Cochlear development: hair cells don their wigs and get wired.

PURPOSE OF REVIEW: Hair cells and spiral ganglion neurons form functional pairings in the cochlea that transduce the mechanical energy of sound into signals that are carried to the brainstem. Mutations of genes affecting the development and maintenance of these two cell populations cause deafness in humans and other animals. This review highlights recent findings regarding the development of hair cell stereocilia and spiral ganglion neurons in the cochlea. RECENT
FINDINGS: Genes underlying Usher syndrome 1A have shed light on possible molecular participants in the development and structure of the hair cell stereocilia. Analysis of deaf mouse mutants have uncovered genes involved in stereocilia elongation and the orientation of the stereociliary bundles. Studies on the regulation of spiral ganglion neuronal survival and guidance suggest that the timing of expression of specific growth factors along the cochlear spiral is involved in maintaining the divergence of vestibular and cochlear nerve fibers.

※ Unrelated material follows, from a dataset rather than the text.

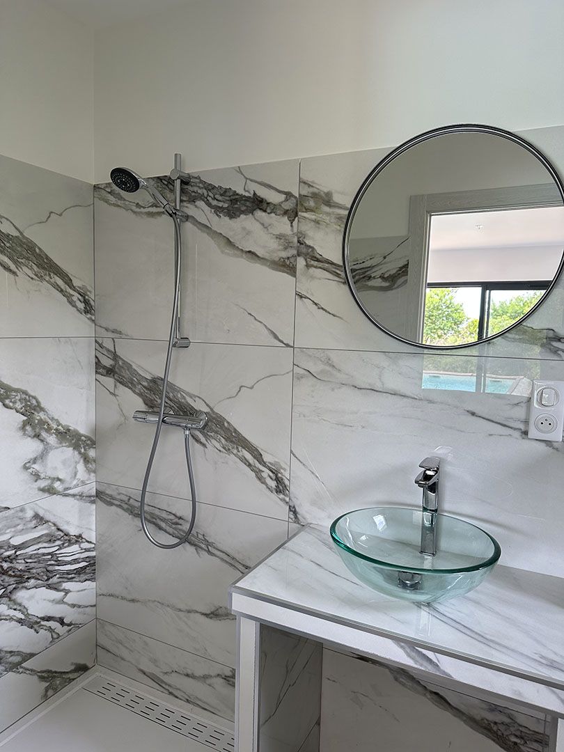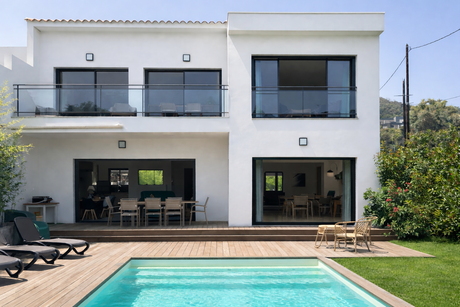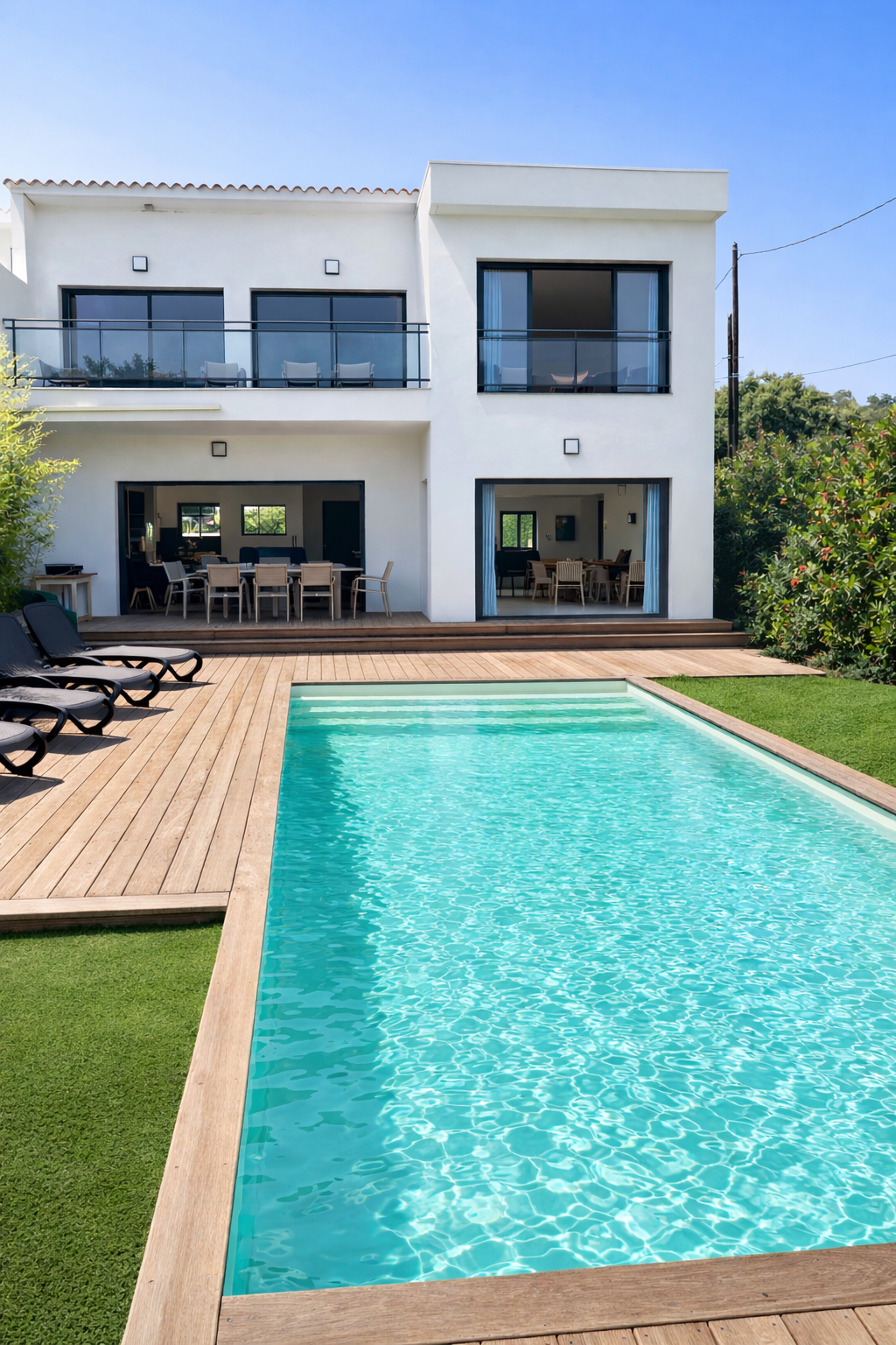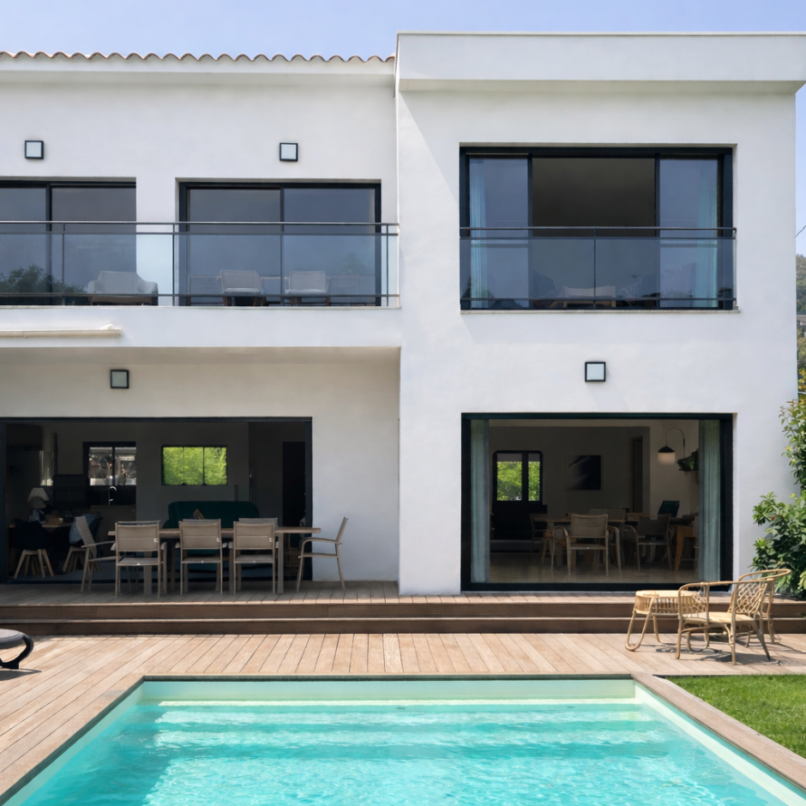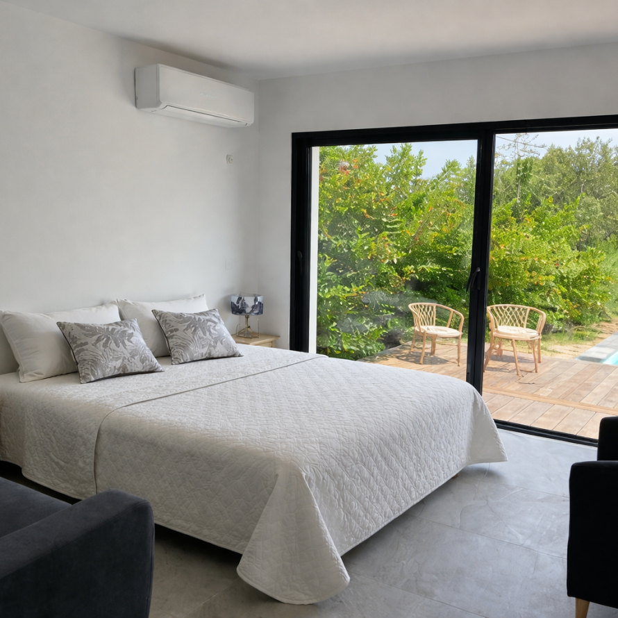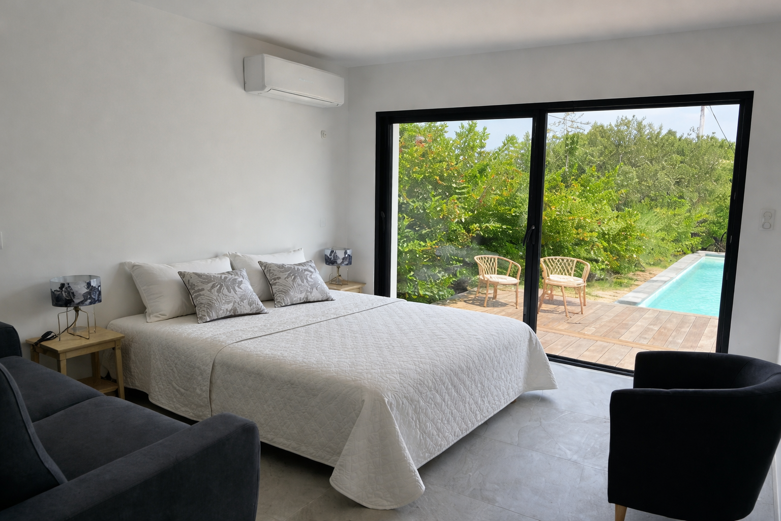 La chambre principale bénéficie d’une vue directe et d’un accès à la piscine, ainsi que de sa salle de bain privative pour un confort optimal. -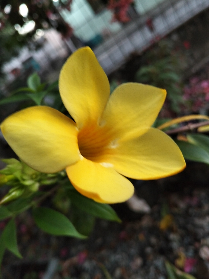 A single, vibrant yellow flower is centered in a close-up, shallow depth-of-field photograph, taken in Panton, Indonesia. The flower, exhibiting five broad, rounded petals forming a trumpet shape, features a deeper orange-yellow center with visible linear striations. Green foliage and unopened buds are partially visible and out of focus to the lower left of the flower. The background is heavily blurred; the upper-left quadrant shows indistinct light green, white, and dark forms, with a faint, out-of-focus grid pattern. The lower-right background consists of dark, granular ground cover, possibly soil or gravel, with scattered small reddish-pink specks, also out of focus. No individuals, animals, or specific man-made structures are clearly discernible.

SUMMARY: Examining human and mouse genes affecting hearing has not only provided insight into causes of human deafness, but has also opened a window into how stereociliary bundles are constructed and spiral ganglion neurons are preserved and guided during development. Synthesis of information from diverse lines of research pinpoints genes for screening or repair in the genetic medicine of the future and dramatizes the intimate relationship between strict adherence to complex developmental programs and hearing. In addition, future improvements in the efficacy of cochlear implants may depend on the preservation and manipulation of adult spiral ganglion neurons. Developmental mechanisms promise to yield insight into possible interventions to redirect or reconnect spiral ganglion neurons in damaged cochlea.